• **Task to complete**
Every line of the listing below should come back exactly as written, with no images.

• **Source material**
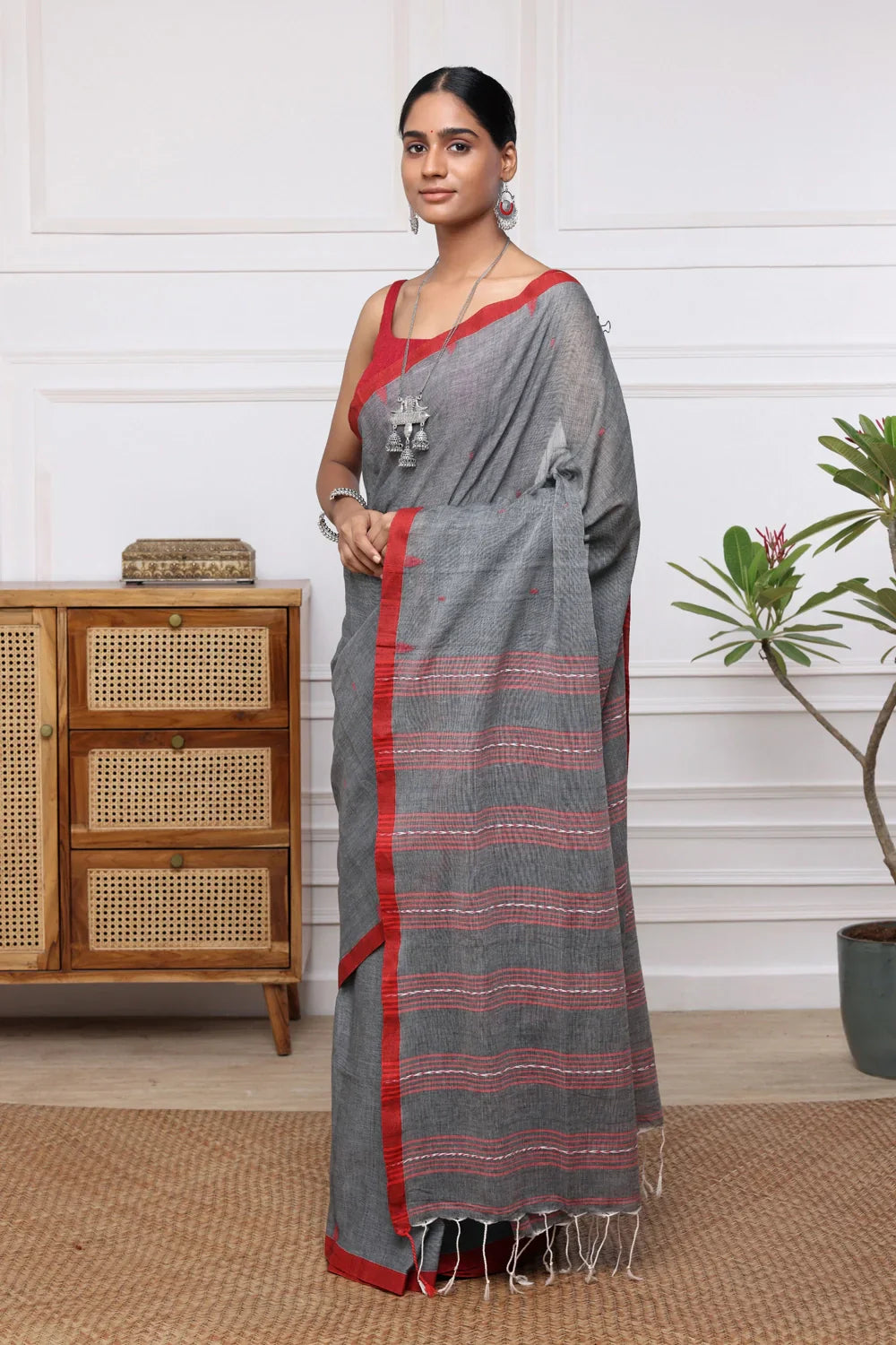 Handloom Grey Mul Cotton Jamdani Saree with Red Border
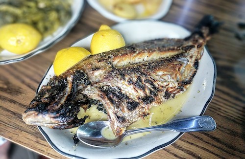 The interior is split into two parts, an interior bare bones room, and a covered (and temperature controlled) patio where most people choose to eat and drink. The Greek flag and the color blue are everywhere and so is the smell of amazing seafood features grilled whole porgies on the bone for $20 and their famous grilled octopus plate for $15.
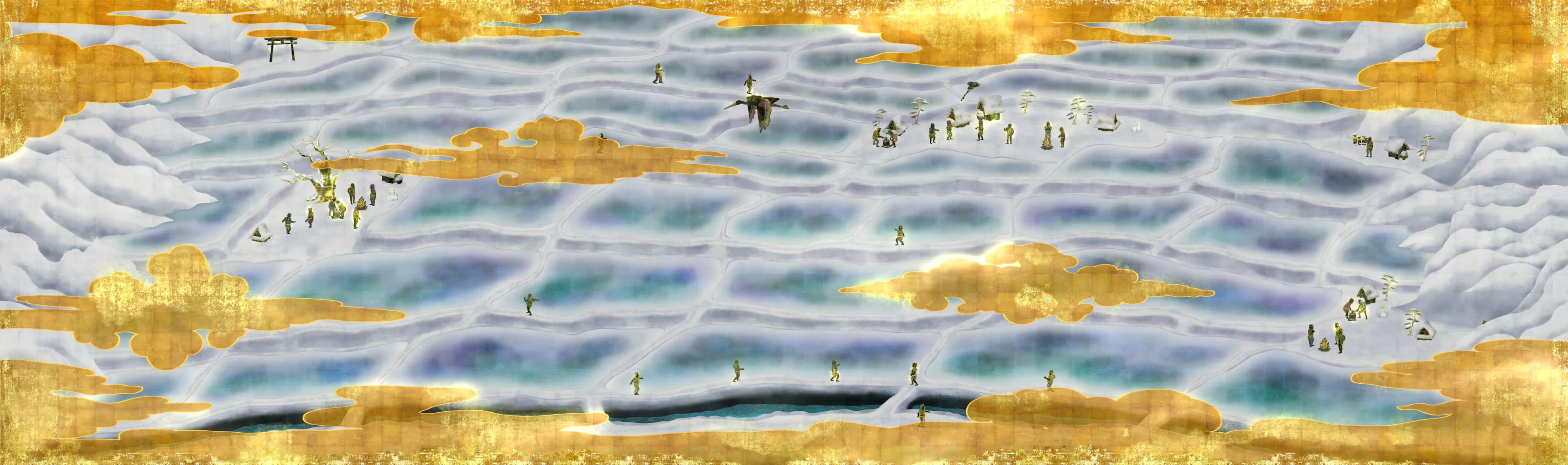 The scenery of Tashibunosho has been unchanged for thousands of years. It is depicted here through the lives of the people who continue to live in harmony with nature in this perpetual landscape.

• **Your response**
 Handloom Grey Mul Cotton Jamdani Saree with Red Border
 The interior is split into two parts, an interior bare bones room, and a covered (and temperature controlled) patio where most people choose to eat and drink. The Greek flag and the color blue are everywhere and so is the smell of amazing seafood features grilled whole porgies on the bone for $20 and their famous grilled octopus plate for $15.
 The scenery of Tashibunosho has been unchanged for thousands of years. It is depicted here through the lives of the people who continue to live in harmony with nature in this perpetual landscape.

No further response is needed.